Doing something that lowers the value of somebody’s house is usually a pretty slam dunk way for that person to be able to sue you. The article doesn’t mention if they have some sort of weird attachment to the house, but otherwise why wouldn’t you just wanna take the money and move somewhere else in the same town or otherwise? Especially if it’s already been four fucking years.

[–] Tollana1234567@lemmy.today 2 points 7 hours ago

that is why nimbyism exists. these Ai datacenters are built in places where the locals arnt rich enough to block the construction.

[–] chiliedogg@lemmy.world 3 points 15 hours ago* (last edited 15 hours ago)

They probably have a stronger claim and higher-ceiling on their portion of any judgment suing individually.

[–] HeyThisIsntTheYMCA@lemmy.world 14 points 21 hours ago (1 children)

They probably have more to gain in individual action than class action

[–] atomicbocks@sh.itjust.works -1 points 21 hours ago (1 children)

Joining a lawsuit like that wouldn’t automatically make it class action.

[–] HeyThisIsntTheYMCA@lemmy.world 2 points 19 hours ago (1 children)

I'm not a class action law person, but I would think having that large a group of people harmed could qualify for lawsuit consolidation under a class action, assuming they could appropriately define the class.

[–] atomicbocks@sh.itjust.works 3 points 19 hours ago (1 children)

I am also not an expert in this area, however AFAIK being capable of being class action doesn’t make it class action.
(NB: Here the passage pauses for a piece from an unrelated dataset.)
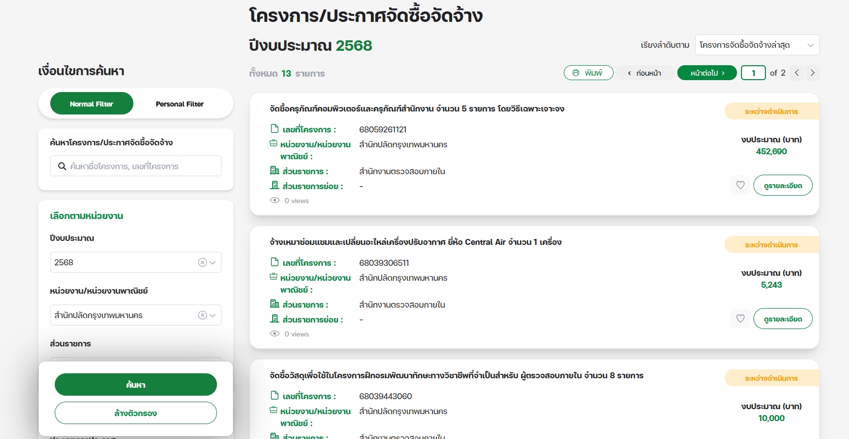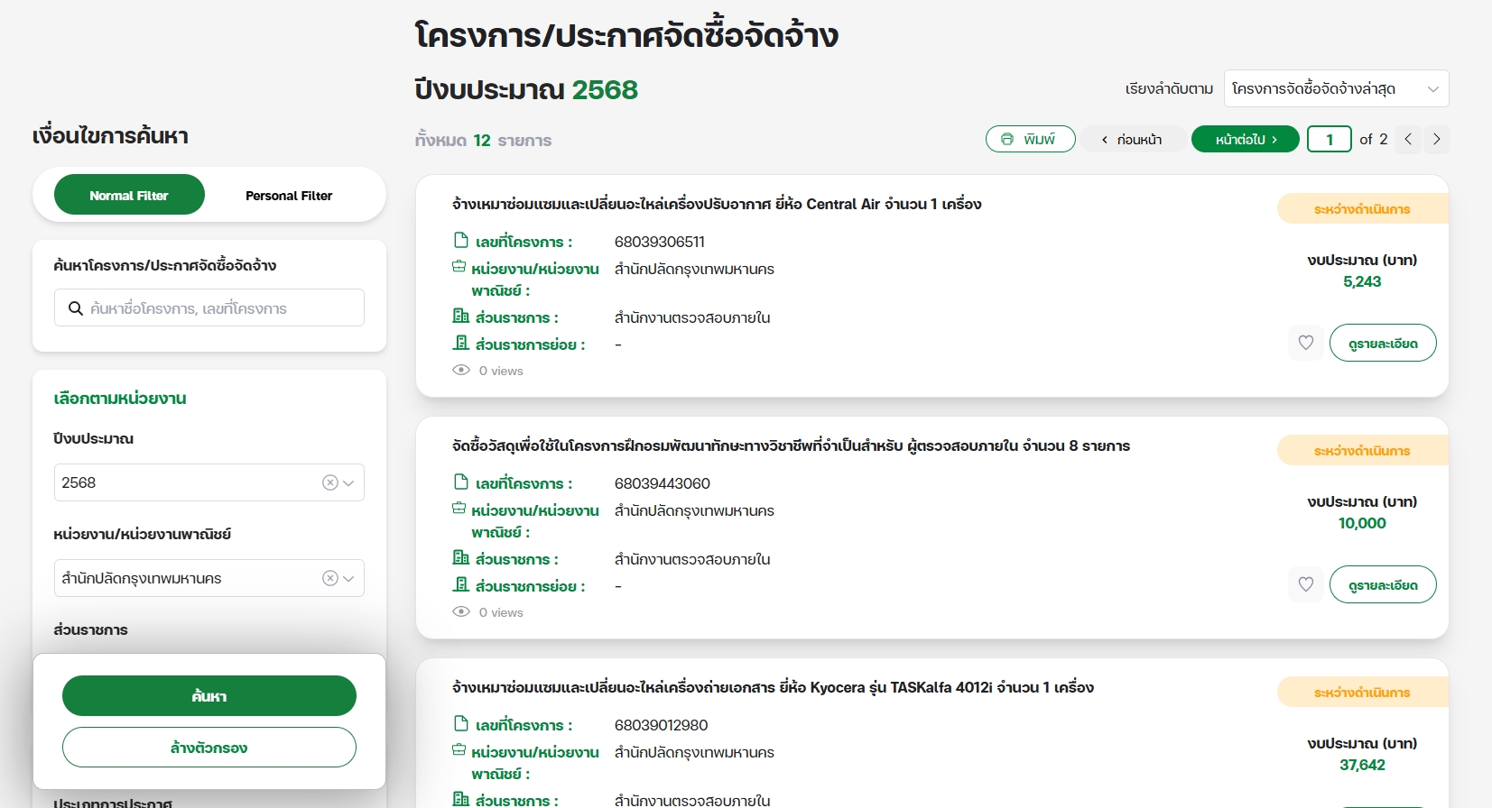 | 5134 | ![]() | 2025-02-25 00:00:00.0000000 | 0.00 | 0.00 | ดำเนินการจัดซื้อจัดจ้างพัสดุ ตามกระบวนการจัดซื้อจัดจ้างที่กำหนด และเผยแพร่ข้อมูลจัดซื้อจัดจ้างผ่านระบบ e-GP BMA อย่างครบถ้วน | ||

The Sandy Hook families sued Alex Jones and the number of plaintiffs didn’t make that class action either. As well, in Oklahoma right now there are 100s of similar cases against State Farm regarding hail damage payouts and despite intervention from the state AG these have not become a class action. From the information we do have at least one household invited at least one other household to join a lawsuit and they declined, beyond that we don’t know that there are even other plaintiffs to begin with.

[–] HeyThisIsntTheYMCA@lemmy.world 3 points 19 hours ago

yeah, the scenario i'm thinking of is that they have a few ten thousands lawsuits in that area alone and the respondent (whoever owns the datacenter) registers to have all those lawsuits consolidated. i could swear i've heard of it happening but again, not an area of law i've so much as been adjacent to.